[PATCH] drm/xe/pm: Move xe_rpm_lockmap_acquire

Wed Sep 11 10:58:52 UTC 2024

> -----Original Message-----
> From: Auld, Matthew <matthew.auld at intel.com>
> Sent: Wednesday, September 11, 2024 4:11 PM
> To: Kandpal, Suraj <suraj.kandpal at intel.com>; intel-xe at lists.freedesktop.org
> Cc: Shankar, Uma <uma.shankar at intel.com>; Vivi, Rodrigo
> <rodrigo.vivi at intel.com>
> Subject: Re: [PATCH] drm/xe/pm: Move xe_rpm_lockmap_acquire
> 
> On 11/09/2024 10:30, Suraj Kandpal wrote:
> > Move xe_rpm_lockmap_acquire after display_pm_suspend and resume
> > funtions to avoid cirular locking dependency because of locks being
> > taken in intel_fbdev, intel_dp_mst_mgr suspend and resume functions.
> >
> > Signed-off-by: Suraj Kandpal <suraj.kandpal at intel.com>
> 
> Can you provide the full lockdep splat or a link to it? We also need to give some
> solid analysis on why we think the splat is a false positive.

Sure Mathew 
Find the link below there are two different splats one with fbdev and one with drm_dp_mst_mgr
Both with the same root cause
https://gfx-ci.igk.intel.com/cibuglog-ng/issue/13490?query_key=4eadcfe577e7b807f83bf5a9031dec11ae123b77
1) https://intel-gfx-ci.01.org/tree/intel-xe/xe-1775-f0a6824d9e4ba2e1beabab4e3eeb195aa7fea167/re-dg2-17/igt@xe_pm@d3cold-mmap-vram.html#dmesg-warnings266
2) https://intel-gfx-ci.01.org/tree/intel-xe/xe-1924-f3eded4f8a05d73a0b94f27e05737ea3427450b3/re-dg2-15/igt@xe_pm@d3cold-mmap-system.html#dmesg-warnings172
History of the issue can be found on 
VLK-61411
From what I saw it was being caused because the lock dep map ended up taking all the locks that are
Later required to even the resume say mst config which takes mgr->lock in drm_dp_mst_msgr_suspend and resume
Functions.

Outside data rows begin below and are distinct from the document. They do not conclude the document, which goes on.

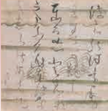
良寛「短歌一首 はちのこを云々」
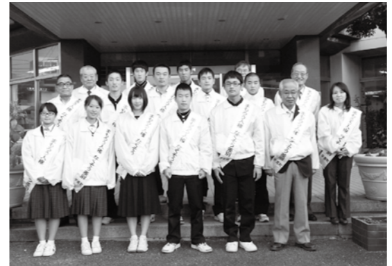
人権擁護委員と1日人権擁護委員として活動した中学生

福岡県人権擁護委員連合会及び福岡法務局では、12月4日～12月10日を「人権週間」と定め、人権意識の普及高揚を図るため様々な啓発行事を行っています。
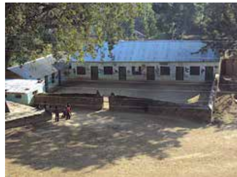
École de Chaundi

Une fosse septique a été construite pour l'école de Dapcha, ce qui
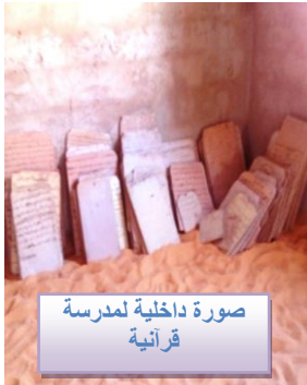
صورة داخلية لمدرسة قرآنية

1- مدرسة حرة. أو أهلية لا تستند في نشأتها إلى قرار من هيئة رسمية، ولا تتبع جهة حكومية.
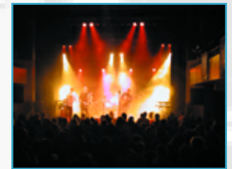
(Le public face à la scène)

True (Toronto), Dragon Fly, Me Kung Fu, Ironee (avec les musiciens de Stomp All Stars), KingFin, Planet Master, Kulcha Connection, Jahcutta and the Determination Band, DJ Universal Flexus se sont succédés sur la scène du Nouveau Club Soda le vendredi 22 mars. Chaud ambiance de dub poetry, ska, reggae et dancehall pour 650 amateurs enthousiastes.
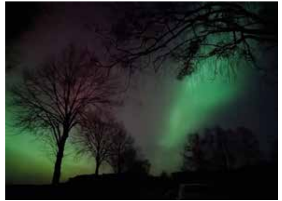
Polarlichter über dem Seeberg in unterschiedlichen Farben am 19. Januar.

Das Polarlicht (wissenschaftlich Aurora borealis) ist eine Leuchterscheinung durch angeregte Stickstoff- und Sauerstoffatome der Hochatmosphäre, also ein Elektrometeor. Polarlichter sind meistens in etwa 3 bis 6 Breitengrade umfassenden Bändern in der Nähe der Magnetpole zu sehen.
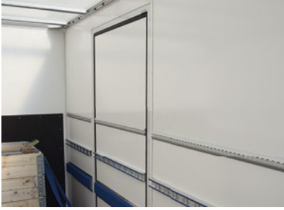
Innenbüdige Seitentür* vermeidet Ladungsschäden beim Durchschieben.
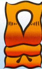
TE MAU RAVE'A NOTE FA'A ARA RA'A I TE MAU FIFI
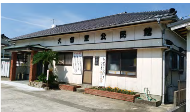
現在の久留里公民館
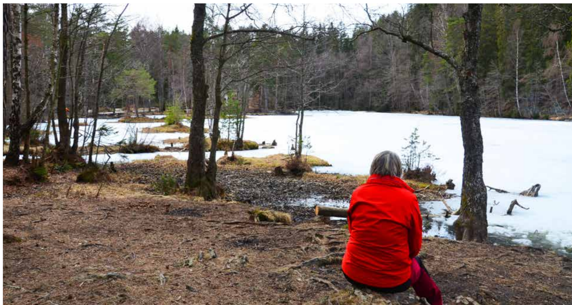
Mange har et forhold til Båntjern, og opplever stedet som unikt, uten helt å kunne sette ord på det. Den kjente arkitekten Christian Norberg-Schulz gjorde et forsøk. Det er stedet hvor vi opplever at vi er fremme.

Hvor søkt er det å sammenlikne Båntjern med Michelangelos arbeid-
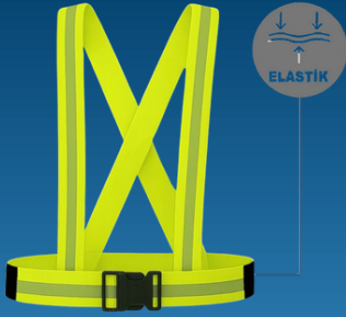
EKO PRATİK ŞERİT YELEK

İKİ RENKLİ MÜHENDİS İKAZ YELEĞİ CEPLİ FERMUARLI
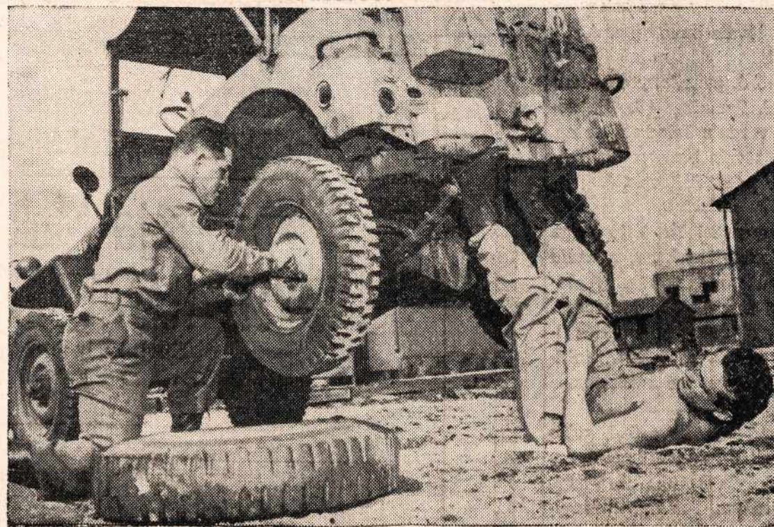
Stiprus žmogus, kuris gali taip palaikyti automobilį, kad galėtų perrainyti padangą. Jeigu kas netiki tokia galimybe, lai pats patiria. Kariams viskas galima ir tas įvyko Camp Gordon Johnston, Fla.

Mums tikrai yra džiugu žinoti, kad jūsų spauda yra tvirta Katalikiškų dėsnių aiškintoja ir platintoja; kad Marconi radio — kurio balsas akimirksniu girdimas visame pasaulyje — stebėtinai išradimas ir iškalbingas Apaštališkojo Tikėjimo skleidėjas — tankiai ir
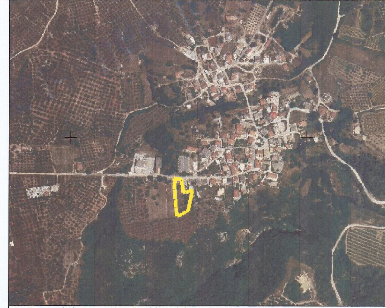
Απόσταση με άριο ιδιοκτησίας από Κτηματολόγιο ΑΕ περίοδο Μήνης 2015-2016 κλίμακα 1/5000
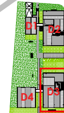
Localisation Bat D3
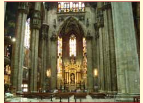
L'intérieur de la cathédrale.
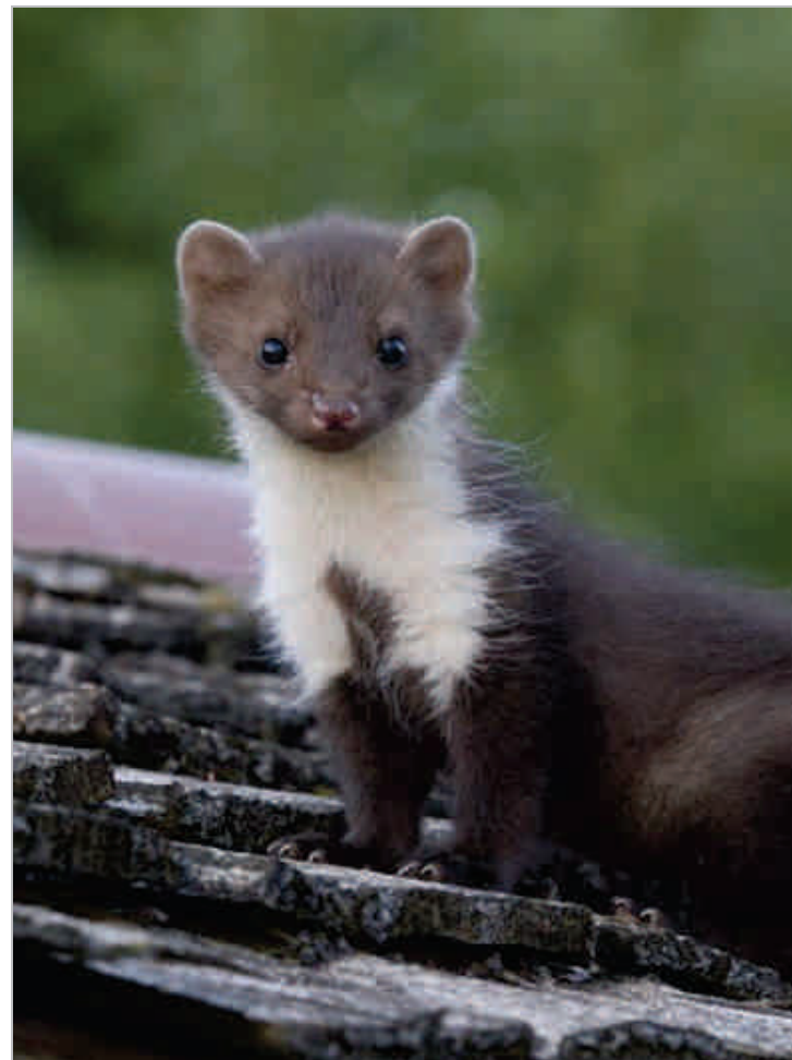
Mignonne à croquer et en même temps si fragile...

Plus d'informations sur le site http://association-oiseaux-nature.wifeo.com ou tel : 03 29 32 72 72.
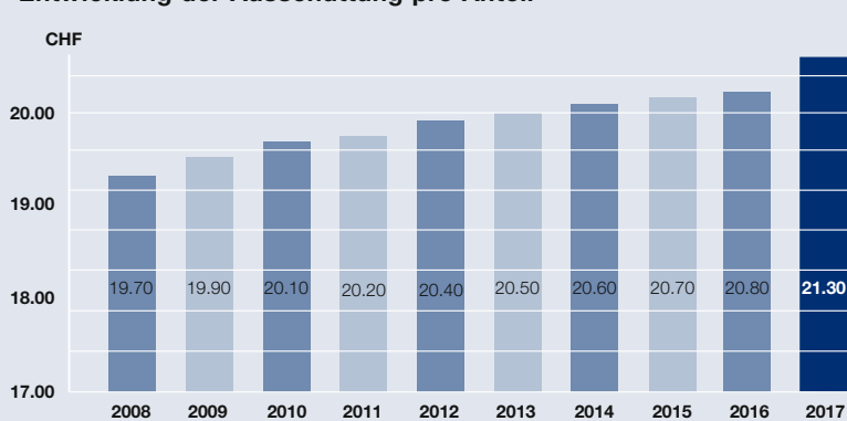
Entwicklung der Ausschüttung pro Anteil
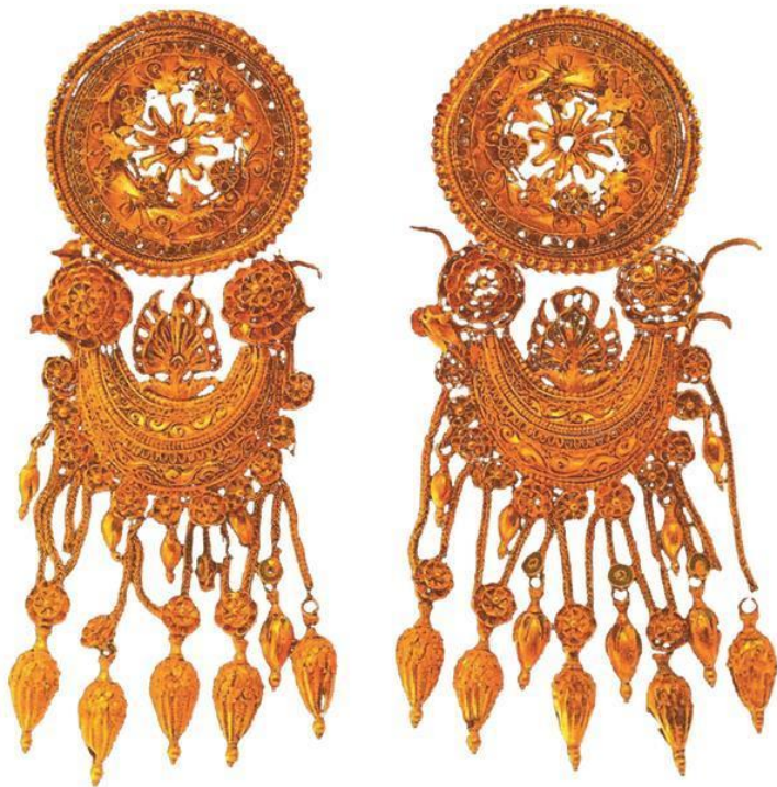
Пара золотых серег с диском и ладьевидной подвеской. Около 350 г. до н. э. Курган Куль-Оба
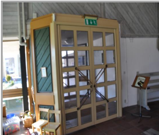
Renovering av orgel i Slottskyrkan

Byte av utrymningskyltar samt installation av digitalt låssystem i Birgitta kyrkan
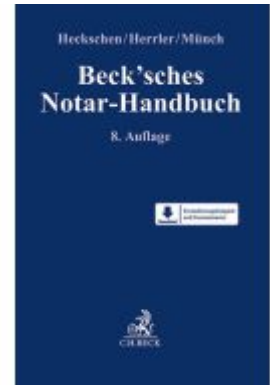
Beck'sches Notar-Handbuch Ladenpreis: 214,90EUR
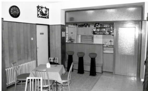
Sauna – vstupní hala s barem.
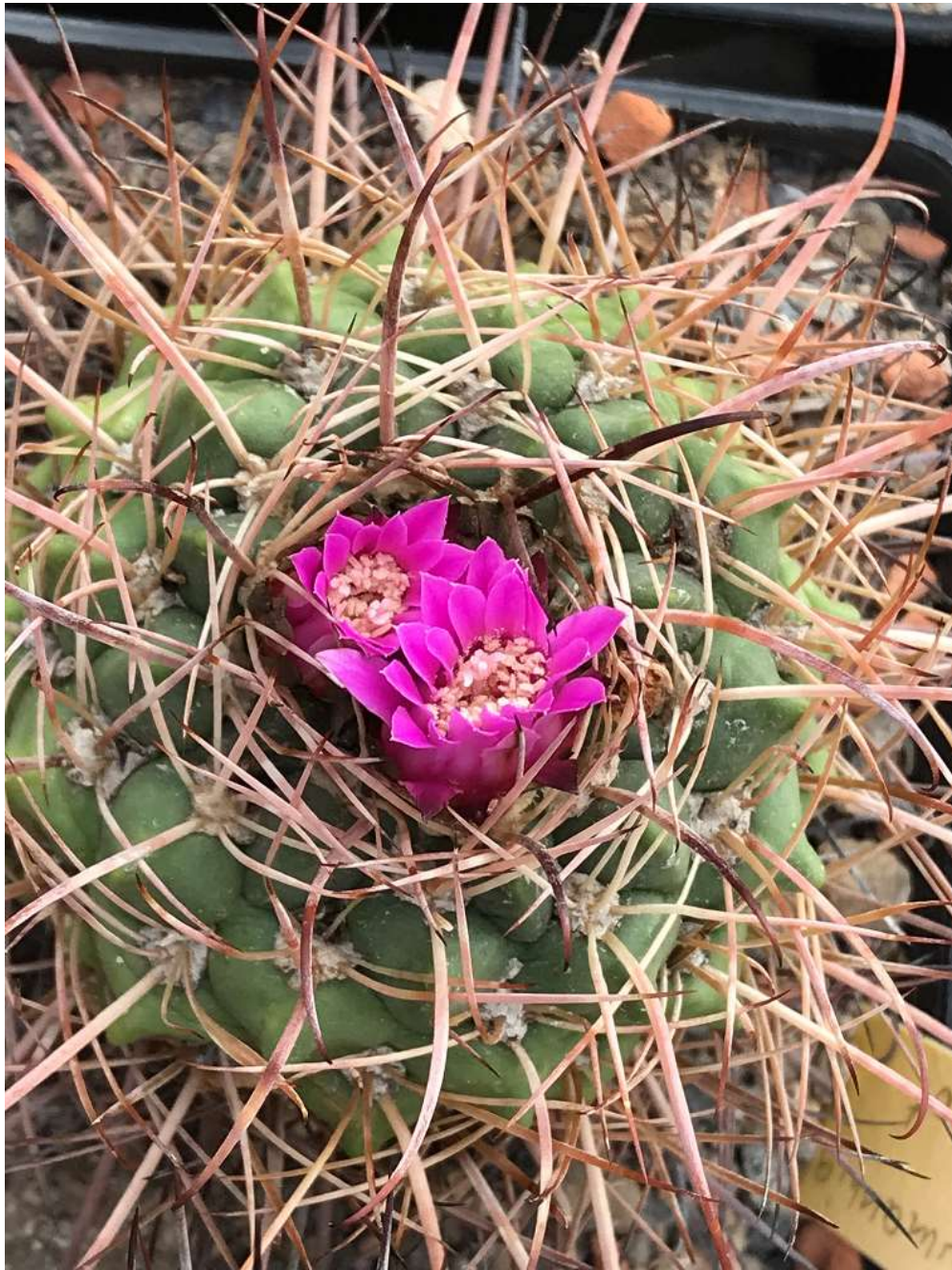
Neowerdermannia vorwerkii (besonders dunkel blühende Form von Jupp Noack)
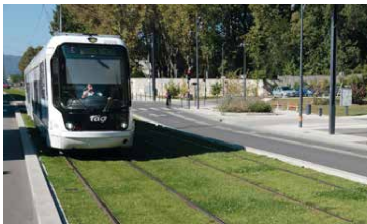
Le PDU où comment bien se déplacer dans l'agglomération

I maginer la mobilité de demain, améliorer les déplacements de chacun et favoriser l'usage des modes de déplacement alternatifs à la voiture individuelle. Tel est l'objectif de la réflexion menée autour du futur Plan de Déplacement Urbain (PDU) en cours d'élaboration. Il est d'ailleurs toujours possible de participer à la concertation en ligne jusqu'au 11 juin.
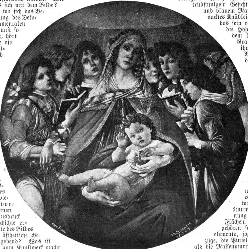
Madonna mit dem Granatapfel.

Betrachten wir einmal Botticellis berühmten Tondo aus den Uffizien, die „Madonna mit dem Granatapfel“. Was wir hier in erster Linie sehen, ist dies: im Kreise von sechs beflügelten Jünglingen sitzt eine Frau mit trübfinnigem Gesicht in rotem Kleide und blauem Mantel; sie hält ein nacktes Knäblein auf dem Schoße, das sein rechtes Händchen in die Höhe streckt und mit dem linken nach einem Granatapfel greift, den ihm die Frau reicht.

And hw_mutex lock which is taken when accessing dpcd in drm_dp_dpcd access.

> 
> > ---
> >   drivers/gpu/drm/xe/xe_pm.c | 28 ++++++++++++++--------------
> >   1 file changed, 14 insertions(+), 14 deletions(-)
> >
> > diff --git a/drivers/gpu/drm/xe/xe_pm.c b/drivers/gpu/drm/xe/xe_pm.c
> > index a3d1509066f7..7f33e553728a 100644
> > --- a/drivers/gpu/drm/xe/xe_pm.c
> > +++ b/drivers/gpu/drm/xe/xe_pm.c
> > @@ -363,6 +363,18 @@ int xe_pm_runtime_suspend(struct xe_device *xe)
> >   	/* Disable access_ongoing asserts and prevent recursive pm calls */
> >   	xe_pm_write_callback_task(xe, current);
> >
> > +	/*
> > +	 * Applying lock for entire list op as xe_ttm_bo_destroy and
> xe_bo_move_notify
> > +	 * also checks and delets bo entry from user fault list.
> > +	 */
> > +	mutex_lock(&xe->mem_access.vram_userfault.lock);
> > +	list_for_each_entry_safe(bo, on,
> > +				 &xe->mem_access.vram_userfault.list,
> vram_userfault_link)
> > +		xe_bo_runtime_pm_release_mmap_offset(bo);
> > +	mutex_unlock(&xe->mem_access.vram_userfault.lock);
> > +
> > +	xe_display_pm_runtime_suspend(xe);
> > +
> >   	/*
> >   	 * The actual xe_pm_runtime_put() is always async underneath, so
> >   	 * exactly where that is called should makes no difference to us.
> > However @@ -386,18 +398,6 @@ int xe_pm_runtime_suspend(struct
> xe_device *xe)
> >   	 */
> >   	xe_rpm_lockmap_acquire(xe);
> >
> > -	/*
> > -	 * Applying lock for entire list op as xe_ttm_bo_destroy and
> xe_bo_move_notify
> > -	 * also checks and delets bo entry from user fault list.
> > -	 */
> > -	mutex_lock(&xe->mem_access.vram_userfault.lock);
> > -	list_for_each_entry_safe(bo, on,
> > -				 &xe->mem_access.vram_userfault.list,
> vram_userfault_link)
> > -		xe_bo_runtime_pm_release_mmap_offset(bo);
> > -	mutex_unlock(&xe->mem_access.vram_userfault.lock);
> > -
> > -	xe_display_pm_runtime_suspend(xe);
> > -
> >   	if (xe->d3cold.allowed) {
> >   		err = xe_bo_evict_all(xe);
> >   		if (err)
> > @@ -438,8 +438,6 @@ int xe_pm_runtime_resume(struct xe_device *xe)
> >   	/* Disable access_ongoing asserts and prevent recursive pm calls */
> >   	xe_pm_write_callback_task(xe, current);
> >
> > -	xe_rpm_lockmap_acquire(xe);
> > -
> >   	if (xe->d3cold.allowed) {
> >   		err = xe_pcode_ready(xe, true);
> >   		if (err)
> > @@ -463,6 +461,8 @@ int xe_pm_runtime_resume(struct xe_device *xe)
> >
> >   	xe_display_pm_runtime_resume(xe);
> >
> > +	xe_rpm_lockmap_acquire(xe);
> > +
> >   	if (xe->d3cold.allowed) {
> >   		err = xe_bo_restore_user(xe);
> >   		if (err)